How journalists and PR pros can work together to amplify diverse voices

We can only accomplish this by working together.

Helping diverse sources get media attention

Lauren Stralo is director of public relations at LevLane Advertising.

I recently responded to a query in which a reporter was searching for a source for a national top-tier publication — a golden opportunity for any client.

In my initial rush to secure an interview (we’ve all felt that, right?), I offered up an expert from one of the organizations I represent: someone whose contact details I already had and could easily reach out to on short notice – this (excellent) source happened to be a man.

After a bit of back and forth, it became obvious that our schedules conflicted. At that point, I offered another (excellent) source: a Black woman from the same organization.



The reporter’s response was nothing short of perfection: “Great, and even better that it’s a female source.”

This conversation, though short and maybe seemingly insignificant to some, spotlighted an important media and public relations trend: For many reporters, finding a source isn’t simply filling a slot or ticking a box.

This short exchange reminded me that journalists and news readers are hungry for diverse perspectives, and it’s on us as public relations representatives to ensure that these diverse voices are heard, sought out, and celebrated.

A rising trend: Reporters seeking diverse expert sources

“POC and/or female source to comment.”

“Women and BIPOC sources preferred.”

“Relevant BIPOC, AAPI and LGBTQ+ experts encouraged to reach out.”
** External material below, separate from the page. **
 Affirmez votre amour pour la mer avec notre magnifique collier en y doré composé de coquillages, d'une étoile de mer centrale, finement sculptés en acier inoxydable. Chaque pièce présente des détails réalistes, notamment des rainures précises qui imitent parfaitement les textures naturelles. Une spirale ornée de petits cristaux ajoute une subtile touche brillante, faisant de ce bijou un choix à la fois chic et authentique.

The examples above are just a few recent requests we’ve fielded – and I have loved seeing them.

I’ve been pitching expert sources for nearly a decade, and the call for diverse voices is a trend that is becoming increasingly prevalent.
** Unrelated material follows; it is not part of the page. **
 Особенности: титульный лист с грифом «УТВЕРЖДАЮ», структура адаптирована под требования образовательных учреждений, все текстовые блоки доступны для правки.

Our role is no longer about securing any  expert but seeking people who bring a unique perspective to the conversation. Will it happen every single time? Maybe not. But we should do everything we can to shine light on the invaluable insights and experiences that diverse voices offer in shaping narratives across various industries.

So, how can we as PR pros ensure this happens?
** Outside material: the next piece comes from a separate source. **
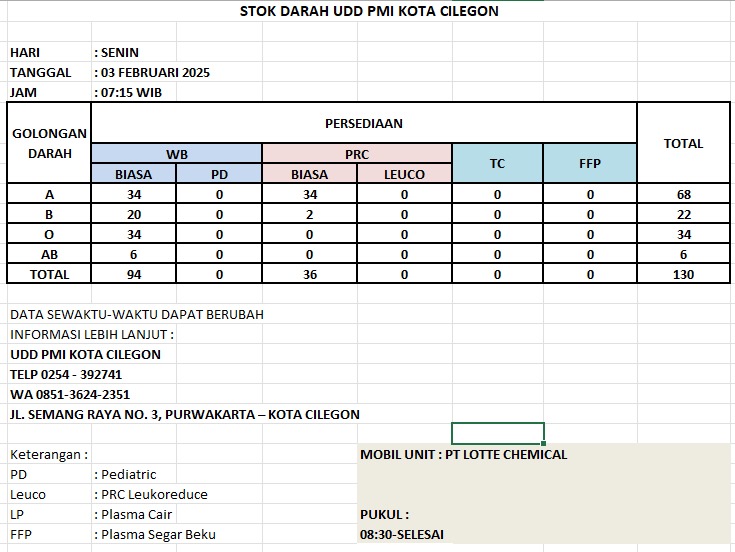 Sosial Info Ketersediaan Darah Hari Ini Oleh: Langit Cilegon 3 Februari 2025 3 Februari 2025 335 views A+A- Reset BAGIKAN 0FacebookTwitterWhatsappTelegramThreadsBluesky 335 Info Ketersediaan Darah Hari Ini, Senin, 3 Februari 2025. REKOMENDASI BERITA Bentuk Kepedulian, Komunitas Sayang Cilegon Buka Cuci Gratis,... Masjid Nurul Ikhlas dan Baznas Gelar Khitanan Massal,... Langsung ke Rumah Warga, Istri Wali Kota Cilegon... Ratusan Kader Gerindra Cilegon Lakukan Bersih-Bersih Pantai Mabak,... Breaking News, PNKT Gelar Temu Karya Karang Taruna... KAISAR Peduli Banjir Cilegon, Salurkan Bantuan ke Posko... Puluhan Pengurus PCNU Kota Cilegon Esok Dilantik, Ini... Hari Lingkungan Hidup Sedunia 2025, Ini yang Di... Beredar Video Pelantikan KNPI Cilegon Terjadi Perdebatan, Ini... Mulai Besok Penumpang Kereta Api Dari Rangkasbitung Bakal... TINGGALKAN KOMENTAR Cancel Reply Save my name, email, and website in this browser for the next time I comment. Δ

Through training and engagement

What I have seen throughout my career is that those whose voices have been traditionally underrepresented are more hesitant to contribute to or partake in media relations activities. Often, the feedback we get is that they don’t believe they have the authority or credibility to speak to reporters – and they will pass the opportunity on to a colleague or someone else in their organization.

We need to initiate opportunities for talent to feel supported and more confident to enter the spotlight. By encouraging more women, BIPOC and LGBTQIA+ professionals to participate in events like press trainings, panels and conferences, we can build that confidence and press readiness.

But this kind of confidence isn’t just about polishing someone’s ability to communicate; it’s also about empowering traditionally marginalized voices to own their stories and expertise with conviction.

Encouraging participation is one piece of the puzzle; every pitch, every panel and every conference should be seen as a chance to do more than just include; it should serve as an opportunity to bring these narratives to the forefront.

Building contact networks of experts from diverse backgrounds

A practical but important strategy is establishing a contact list comprising women, BIPOC and LGBTQIA+ professionals interested in engaging with the press. Most people don’t know where to start when looking for press coverage. A simple yet effective way is to simply ask who has an interest in working with reporters.

You might find surprising sources this way.

Building up this contact list and regularly reaching out to this network ensures that opportunities are extended equitably.

Beyond compiling contact lists and facilitating direct connections between experts and reporters, check-ins and desk-side meetings are valuable opportunities for building relationships that can lead to sustained partnerships.

The stories we tell and the voices we amplify matter. As media and public relations professionals, we can make it happen. Our jobs are vitally important in this sense, and it’s an equally important goal that PR pros and journalists can achieve together.